March 29th, 2008 at 9:31 am
I’ve heard of Bakken before, but don’t know a lot about it.
In the article you linked to, it mentions that the field was discovered in 1951 and was assessed in 1999. That leads me to believe that there is something else afoot here, like oil at a depth or in geological surroundings that will make it tougher to extract than the $20-$40/barrel numbers cited would suggest.
As for the “boilerplate assumptions”–everyone uses the best numbers we have available. If Bakken proves to be a viable reserve, then the US reserves numbers will be appropriately increased. And whatever production comes from Bakken will be added to the overall US oil production numbers. Data is data, we use the best we have, and we go where it leads us.
I do have to wonder why there has been so little discussion of Bakken, though. Why aren’t the cornucopians making a far bigger deal out of it than they are Jack2 or the Brazilian offshore find? Why are the Apocalypticons not telling each other and us endlessly why Bakken makes no difference? Something weird is going on here.
The article is dated Feb. 13, 2008, and it says that a new USGS assessment will be available in 30 days. So far, it’s either not on the USGS site or I can’t find it via their search function.

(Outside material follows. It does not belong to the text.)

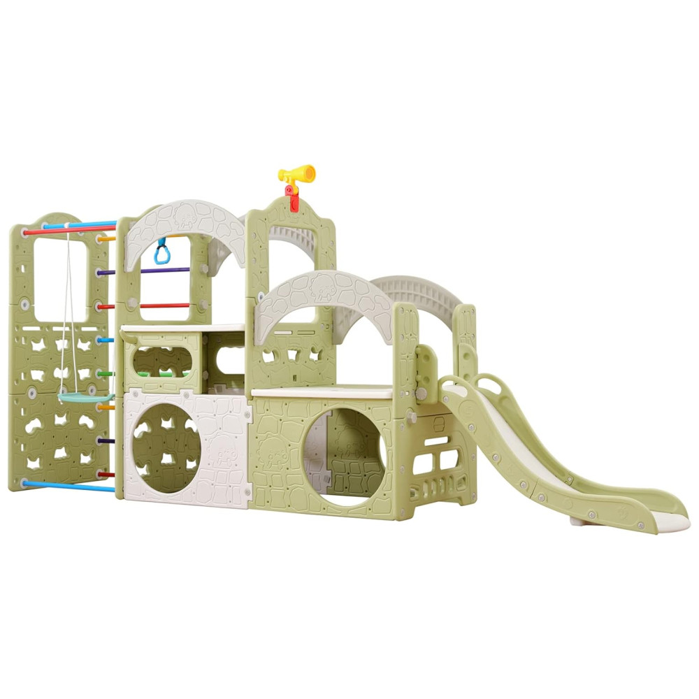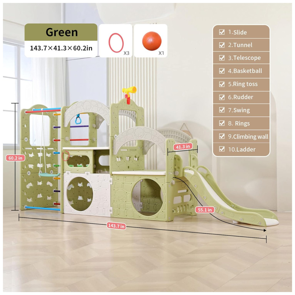 Desbloqueie 10 maneiras de brincar! Libere a imaginação de seu filho e aprimore sua coordenação física e habilidades motoras com este versátil playground indoor, que apresenta um tobogã, parede de escalada, escada, balanço, cesta de basquete, jogo de argolas, basquete, túnel e muito mais! Robusto e Seguro, projetado com degraus antiderrapantes, corrimãos robustos e construção amiga dos joelhos, este playground infantil proporciona uma experiência divertida e segura para o seu pequeno. Além disso, possui um acabamento sólido e superfícies lisas para facilitar a limpeza e proteger seu filho de arranhões. Seguro e Eco-friendly, feito com material PP de alta qualidade, inodoro e durável, e estruturado com vigas de aço robustas, este playground garante um ambiente seguro para escaladas indoor para seu filho. Melhor Presente para Seu Filho, nosso tobogã 10 em 1 é uma escolha excelente para presentear seu filho em ocasiões especiais como aniversários, feriados, Natal e muito mais. Fácil de Montar, a montagem é simples e todas as ferramentas estão incluídas. Este conjunto de brinquedos é leve e fácil de mover, mas robusto, com uma estrutura estável sob compressão. Transforme qualquer espaço em um vibrante playground indoor para crianças em idade pré-escolar.

In general, I think we have to be very careful about such articles, e.g. “It was not until 2007, when EOG Resources of Texas started a frenzy when they drilled a single well in Parshal N.D. that is expected to yield 700,000 barrels of oil that real excitement and money started to flow in North Dakota.” That’s 700,000 barrels per day? week? lifetime for that well? Without a time dimension that number is meaningless.